How It Works Inside Skin Cells
Succinic acid (also called succinate) is a natural part of the Krebs cycle, the energy-production loop that runs inside every cell’s mitochondria. When applied topically, it provides a shortcut for ATP production, essentially giving cells a more direct route to generating energy. Under low-oxygen conditions, like those found in deeper skin layers or in congested, inflamed skin, succinate accumulates in mitochondria and can shift how cells produce energy, switching from oxygen-dependent pathways to glycolysis.
Research on human dermal fibroblasts found that succinic acid supplementation induced a kind of metabolic reprogramming even under normal oxygen conditions, mimicking a mild low-oxygen signal that pushed cells to adapt their energy production. This same study noted a trend toward lower expression of senescence markers in cells treated with higher concentrations of succinic acid, suggesting it may help slow aspects of cellular aging. Succinate also participates in protein modification by adding chemical groups to specific amino acids, which can alter how proteins function inside the cell.
Who Benefits Most
Succinic acid is particularly well suited for sensitive and reactive skin types that can’t tolerate stronger acids. If you’ve tried salicylic acid or benzoyl peroxide and found them too drying or irritating, succinic acid offers a softer approach to managing breakouts. It’s also a reasonable option for people dealing with redness or mild rosacea-like reactivity alongside occasional acne, since it calms inflammation rather than provoking it.

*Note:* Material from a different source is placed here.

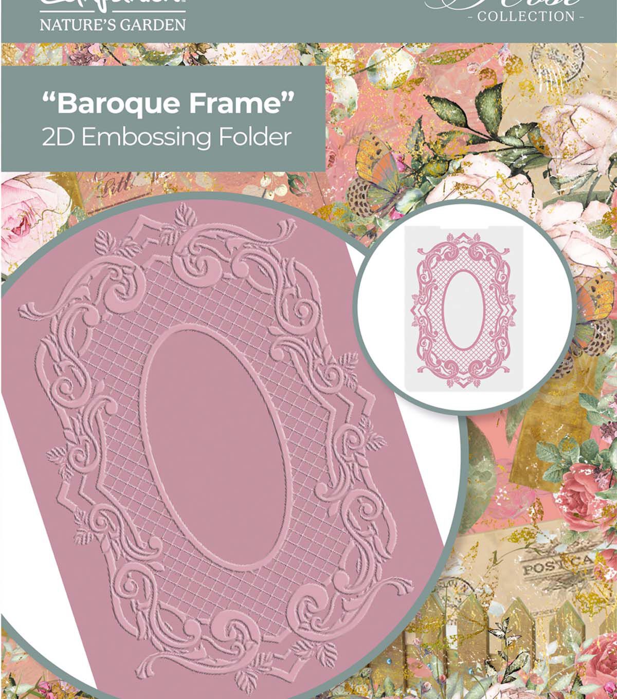 The Vintage Rose Baroque Frame 2D Embossing Folder creates a raised and embossed design of an oval frame, filled with swirls, filigrees and a trellis pattern. It’s the perfect backdrop for elegant cards, event stationery or keepsake gifts.

For people focused on anti-aging, succinic acid is more of a supporting player than a star. Its ability to boost collagen gene expression, reduce inflammatory aging signals, and support mitochondrial health is real, but these effects are subtler than what you’d get from retinoids or vitamin C. Where it shines is in combination products, where it can enhance other actives while keeping irritation low. Look for it at concentrations between 1% and 5% in serums or treatments designed for acne-prone or sensitive skin.